St. Thomas Today
St. Thomas of Canterbury, founded in 1916 in Chicago’s Uptown neighborhood, also continues to serve the local parishioners of Mary, Mother of God in a variety of ways. The church has a long history of lingual multi-culturalism and along with its daily masses in English, it holds a mass in Vietnamese and Lao on Sundays and incorporates Vietnamese Christian stylistic elements into its contemporary architecture and art. St. Thomas is the home of Mary, Mother of God’s outreach ministries which maintains, among other community services, a soup kitchen that serves warm meals to the community every Tuesday and a food pantry that provides groceries to those in need every Monday and Thursday morning. On the Mary, Mother of God website, under the St. Thomas of Canterbury tab, they ask for volunteers and donations for both their soup kitchen and food pantry.
The following text is a transcript of a life-long Catholic and volunteer within the soup kitchen Dennis Donelon. He has volunteered for over 20 years, and details his relationship with the Church, what being apart of the soup kitchen means to him, and why it is important to not only St Thomas, but to the community as a whole.
To listen to the full audio, or read the transcript, follow the links below the sample.
[D.D.] Jim always talked about some of the different miracles. So back to the time when there was fights going on. Jim was about to get beat up. And by some of the guests, and out of nowhere, these two big black gentlemen showed up. He'd never seen him before. doesn't know who they are, didn't know who they are. But they came and stood right behind him. The people stopped, sat down, everything dissipated. And they were gone.
[K.O.] Wow.
[D.D.] I don't know if they're angels, but —
[K.O.] That's incredible. Kind of sounds like.
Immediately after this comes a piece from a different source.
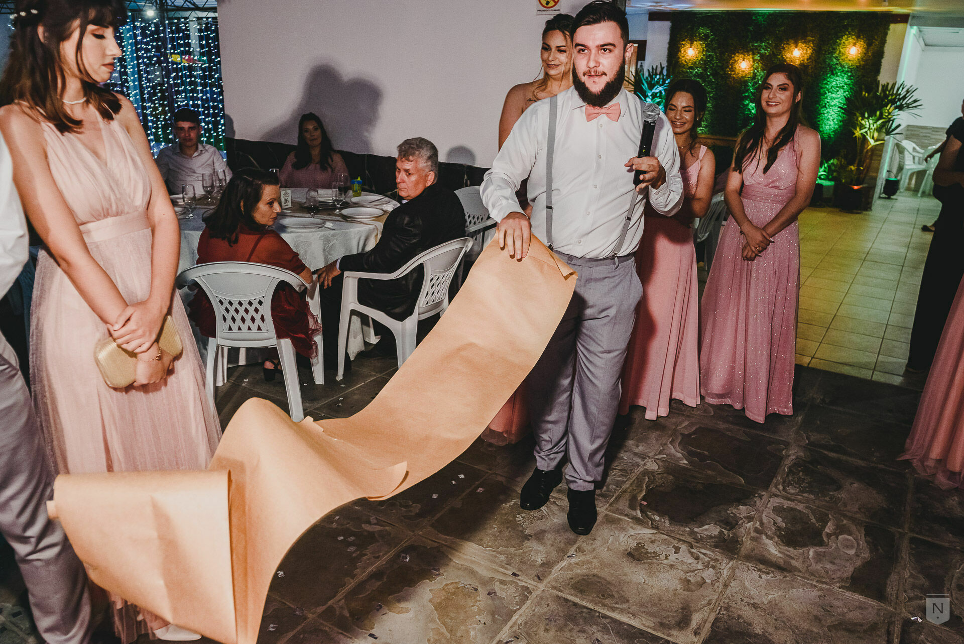 Tivemos alguns discursos dos nossos padrinhos, e se eu pudesse dar uma dica para outros noivos, seria: deixem os padrinhos dizerem algo a vocês. Mesmo que pareça que irá estender o tempo antes do buffet, não deixe passar essa oportunidade. É algo que vai marcar muito a vida de vocês, ouvir as palavras de pessoas queridas nesse momento a respeito do amor de vocês e de toda a trajetória até chegar no casamento. Façam brincadeiras também depois do Buffet. Aproveitem aquele momento! A noite é de vocês, façam uma dança só dos dois, seja pra abrir a pista ou no final, quando todos forem embora, e não esqueçam de curtir com os convidados! Preparem tudo que for especial e faça sentido pra vocês nesse dia, ele passa rápido e a vontade de voltar pra ele é grande, então curtir cada segundo é essencial.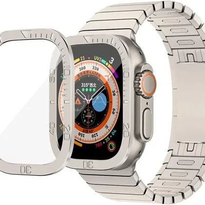 | nameOriginal | Dado Metal Bezel frame + Tempered Glass screen protector Compatible with Apple Watch 8 Ultra 49mm, Bezel with numbers and full screen coverage (Titanuim) |

[D.D.] The other time, this is more of a funny side. Something happened with a soup got burned, and you can’t serve that. And they used to burn the pot quite a bit — I used to clean this pot. Anyways, the soup was just not salvageable. And we didn't know what was going to happen. Next, right now there's a knock at the door. And the person has a food truck coming from some event. And they've got hundreds of hotdogs precooked, wrapped in oil backs, and they're looking to donate, that became the dinner.
Canterbury House, a parish ministry created in the wake of the MMOG merger, is hosted in St. Thomas of Canterbury church and serves as a mutual aid organization modeled after the Catholic Worker movement. Canterbury House Director James Murphy, with help from parishioners, has been holding a homecooked weekly Wednesday dinner for migrants, many of whom are staying in local shelters. This current project emphasizes the need to accept and care for those in need, particularly migrants, and is another example of the important role St. Thomas continues to fulfill in meeting the social service needs of the Uptown neighborhood.